4.3. Laminar Flame Speed

At the end of this study, this mechanism was also used to calculate the premixed laminar flame speed of the DMF/oxygen mixture at p = 1 atm in an adiabatic burner, and the predicted results are shown in Figure 11. The uncertainty of the experimental results in Figure 11 are measured by the following equation [20]:

$$U=\left(LFS\times 0.015\right)+0.4$$

(4)

where U stands for uncertainty and LFS is the laminar flame speed.

As shown in Figure 11, this mechanism has excellent accuracy in predicting the laminar flame speed of DMF/oxygen mixtures at T = 298 and 358 K, where the effect of experimental uncertainty is almost negligible.
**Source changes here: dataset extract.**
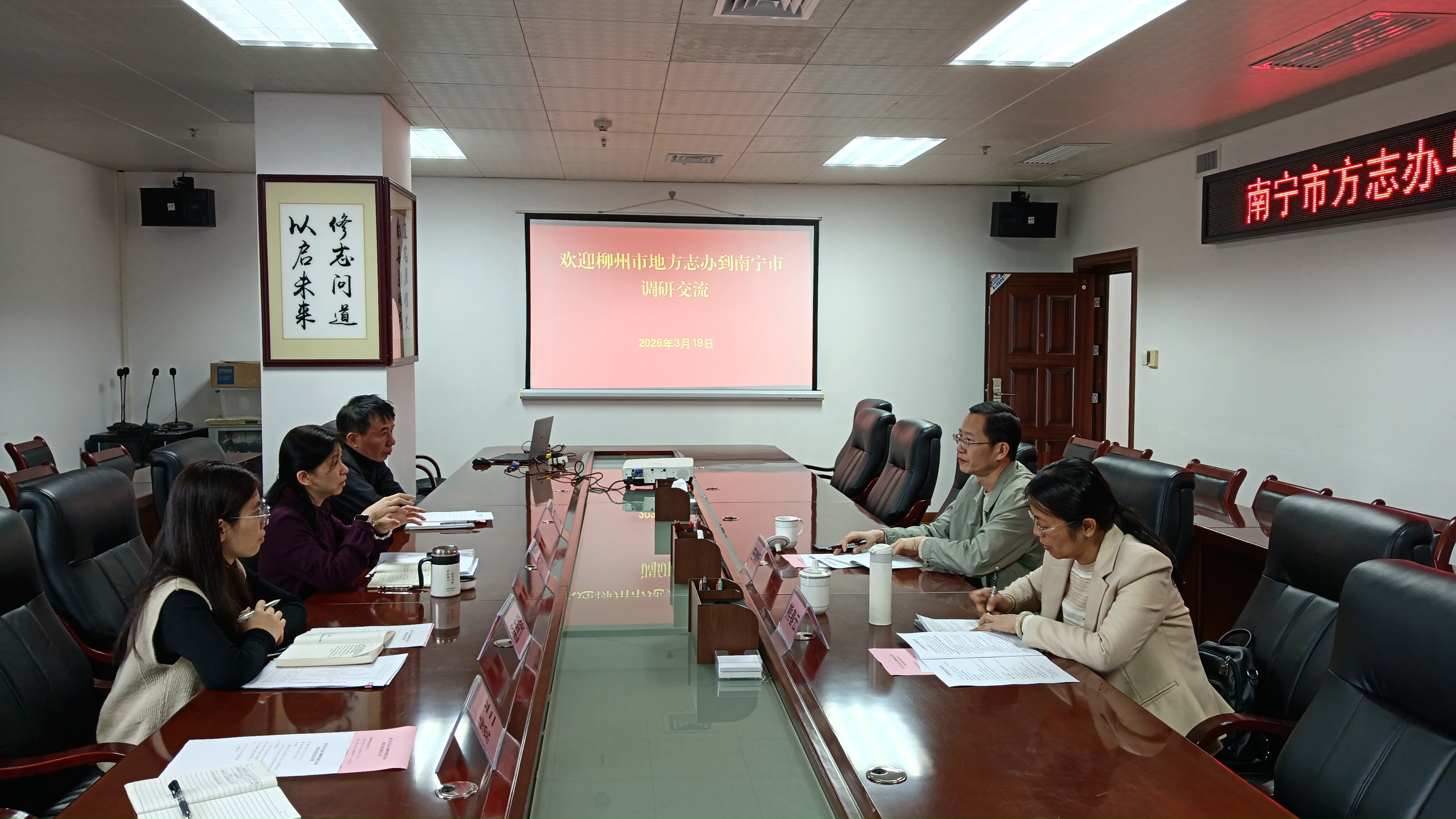 3月18日下午,柳州市地方志办副主任王骕颉(左)与来宾市地方志办主任赖旭辉(右二)及相关科室同志座谈交流。(熊春云摄)

Combining the previous analysis with this, it is confirmed that the mechanism has the ability to predict the combustion characteristics of the binary alternative fuel.
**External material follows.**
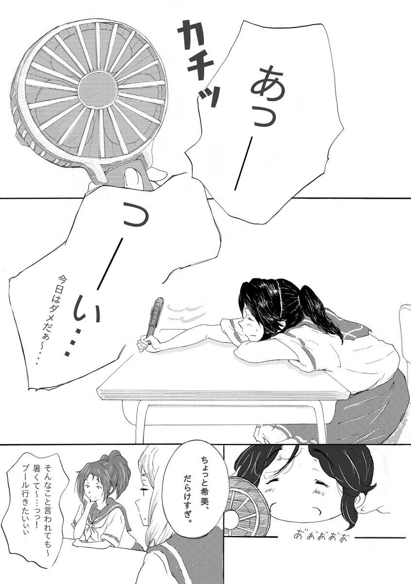 リズと青い鳥、のぞみぞ4Pコメディ漫画。 暑さで少し変な希美とちょっと頑張ってるみぞれ、のお話。実は最後のオチが1番描きたかったりして。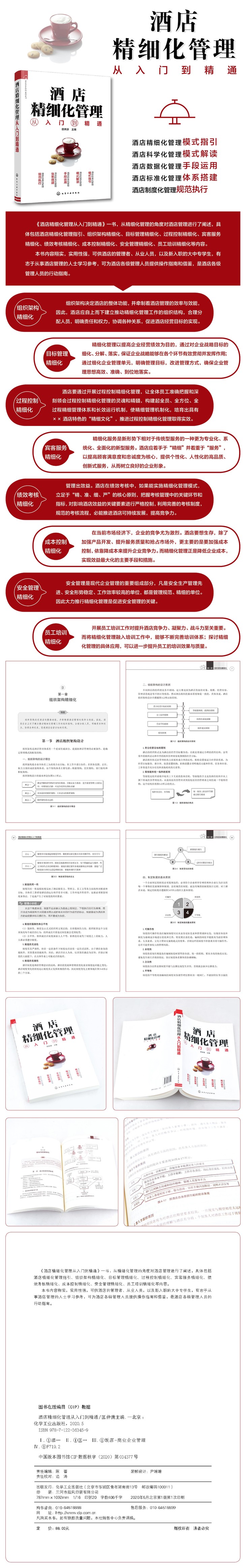 《酒店精细化管理从入门到精通》一书,从精细化管理的角度对酒店管理进行了阐述,具体包括酒店精细化管理指引、组织架构精细化、目标管理精细化、过程控制精细化、宾客服务精细化、绩效考核精细化、成本控制精细化、安全管理精细化、员工培训精细化等内容。 本书内容详实,实用性强,可供酒店的管理者、从业人员,以及新入职的大中专学生,有志于从事酒店管理的人士学习参考,可为酒店各级管理人员提供操作指南和借鉴,是酒店各级管理人员的行动指南。

As shown in Figure 12, the present study constructs mechanisms that describe well the experimental results of Ma et al. [35] but deviate considerably from the results of Wu et al. [36] for the same conditions due to the differences of the experimental technique leading to some differences in experimental data under the same operating conditions. This measurement uncertainty can make it difficult for the mechanism to fit the laminar flame speed for each fuel well [37].

5. Conclusions

The subject of this article is a binary alternative fuel, which consists of furan-based biomass fuels synthesized from lignocellulose, 2-methylfuran and 2,5-dimethylfuran. A skeleton mechanism conforming to its combustion characteristics was constructed using the decoupling methodology, the mechanism was optimized via a genetic algorithm, and an optimal mechanism consisting of 67 components and 228 reactions was obtained. In this study, the final optimized skeleton mechanism of the alternative fuel was used to predict the ignition delay in ST and RCM, the component concentration in JSR and premixed laminar burner, and the laminar flame speed, respectively. Despite the lack of experimental data for 2-methylfuran, via a comparison of the available experimental data, it was found that the mechanism obtained a desirable prediction accuracy at φ = 0.5–2.0, p ≥ 20 bar, and T = 800–1200 K in the several verifications mentioned above. However, some discrepancies still exist. In this study, the simplification and optimization of the mechanism is focused on the engine conditions, which may neglect some relatively important reactions at conventional conditions and lead to errors in the experimental values and simulated values using the skeleton mechanism under non-engine conditions. In the future, more extreme experimental data can be introduced to improve the performance of the current skeleton mechanism. In addition, when applicable 2-methylfuran experimental data are available, the prediction of relevant parameters can be investigated.